基准测试¶
命名¶
benchmark - benchmark the execution of a gm command
内容¶
- 概要
- 描述
- 示例
- 选项
概要¶
gm benchmark [ options ... ] command
描述¶
benchmark executes an arbitrary gm utility command (e.g. convert) for one or more loops, and/or a specified execution time, and reports many execution metrics. For builds using OpenMP, a mode is provided to execute the benchmark with an increasing number of threads and provide a report of speedup and multi-thread execution efficiency. If benchmark is used to execute a command without any additional benchmark options, then the command is run once.
示例¶
To obtain benchmark information for a single execution of a command:
% gm benchmark convert input.ppm -gaussian 0x1 output.ppm Results: 32 threads 1 iter 6.20s user 0.41s total 2.439 iter/s 0.161 iter/cpu
% gm benchmark -iterations 100 convert input.ppm -gaussian 0x1 output.ppm Results: 32 threads 100 iter 625.40s user 31.74s total 3.151 iter/s 0.160 iter/cpu
To obtain benchmark information by iterating the command until a specified amount of time (in seconds) has been consumed:
% gm benchmark -duration 30 convert input.ppm -gaussian 0x1 output.ppm Results: 32 threads 91 iter 587.33s user 30.30s total 3.003 iter/s 0.155 iter/cpu
To obtain a full performance report with an increasing number of threads (1-32 threads, stepping the number of threads by four each time):
% gm benchmark -duration 3 -stepthreads 4 convert input.ppm -gaussian 0x2 output.ppm Results: 1 threads 1 iter 8.84s user 8.84s total 0.113 iter/s 0.113 iter/cpu 1.00 speedup 1.000 karp-flatt Results: 4 threads 2 iter 18.37s user 4.89s total 0.409 iter/s 0.109 iter/cpu 3.62 speedup 0.035 karp-flatt Results: 8 threads 3 iter 29.81s user 4.09s total 0.733 iter/s 0.101 iter/cpu 6.48 speedup 0.033 karp-flatt Results: 12 threads 3 iter 30.81s user 3.14s total 0.955 iter/s 0.097 iter/cpu 8.45 speedup 0.038 karp-flatt Results: 16 threads 3 iter 35.02s user 3.01s total 0.997 iter/s 0.086 iter/cpu 8.81 speedup 0.054 karp-flatt Results: 20 threads 4 iter 52.92s user 3.53s total 1.133 iter/s 0.076 iter/cpu 10.02 speedup 0.052 karp-flatt Results: 24 threads 4 iter 60.66s user 3.39s total 1.180 iter/s 0.066 iter/cpu 10.43 speedup 0.057 karp-flatt Results: 28 threads 4 iter 73.10s user 3.35s total 1.194 iter/s 0.055 iter/cpu 10.56 speedup 0.061 karp-flatt Results: 32 threads 4 iter 82.10s user 3.09s total 1.294 iter/s 0.049 iter/cpu 11.44 speedup 0.058 karp-flatt
Here is the interpretation of the output:
threads
- number of threads used.iter
- number of command iterations executed.user
- total user time consumed.total
- total elapsed time consumed.iter/s
- number of command iterations per second.iter/cpu
- amount of CPU time consumed per iteration.speedup
- speedup compared with one thread.karp-flatt
- Karp-Flatt measure of speedup efficiency.

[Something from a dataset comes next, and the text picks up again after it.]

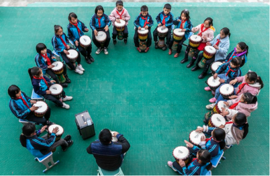 贵州省黔西市林泉镇高锦小学学生在练习手鼓。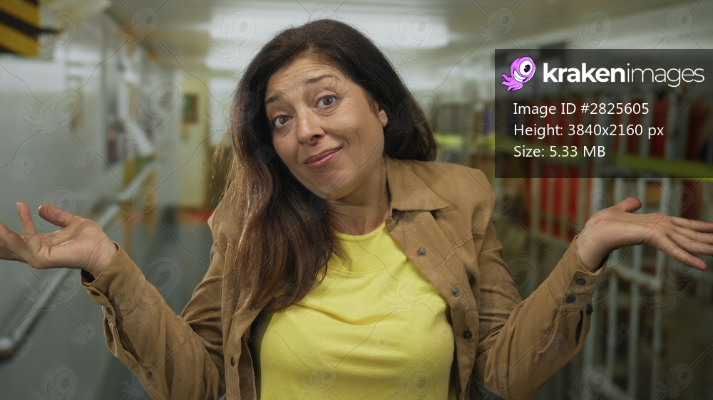 Middle-aged hispanic woman with raised hands shrug gesture in brightly lit corridor inside building; uncertainty.

Please note that the reported "speedup" is based on the execution time of just one thread. A preliminary warm-up pass is used before timing the first loop in order to ensure that the CPU is brought out of power-saving modes and that system caches are warmed up. Most modern CPUs provide a "turbo" mode where the CPU clock speed is increased (e.g. by a factor of two) when only one or two cores are active. If the CPU grows excessively hot (due to insufficient cooling), then it may dial back its clock rates as a form of thermal management. These factors result in an under-reporting of speedup compared to if "turbo" mode was disabled and the CPU does not need to worry about thermal management. The powertop utility available under Linux and Solaris provides a way to observe CPU core clock rates while a benchmark is running.
选项¶
Options are processed from left to right and must appear before any argument.
-duration duration
duration to run benchmark
Specify the number of seconds to run the benchmark. The command is executed repeatedly until the specified amount of time has elapsed.
-help
Prints benchmark command help.
-iterations loops
number of command iterations
Specify the number of iterations to run the benchmark. The command is executed repeatedly until the specified number of iterations has been reached.
-rawcsv
Print results in CSV format
Print results in a comma-separated value (CSV) format which is easy to parse for plotting or importing into a spreadsheet or database. The values reported are threads, iterations, user_time, and elapsed_time.
-stepthreads step
execute a per-thread benchmark ramp
Execute a per-thread benchmark ramp, incrementing the number of threads at each step by the specified value. The maximum number of threads is taken from the standard OMP_NUM_THREADS environment variable.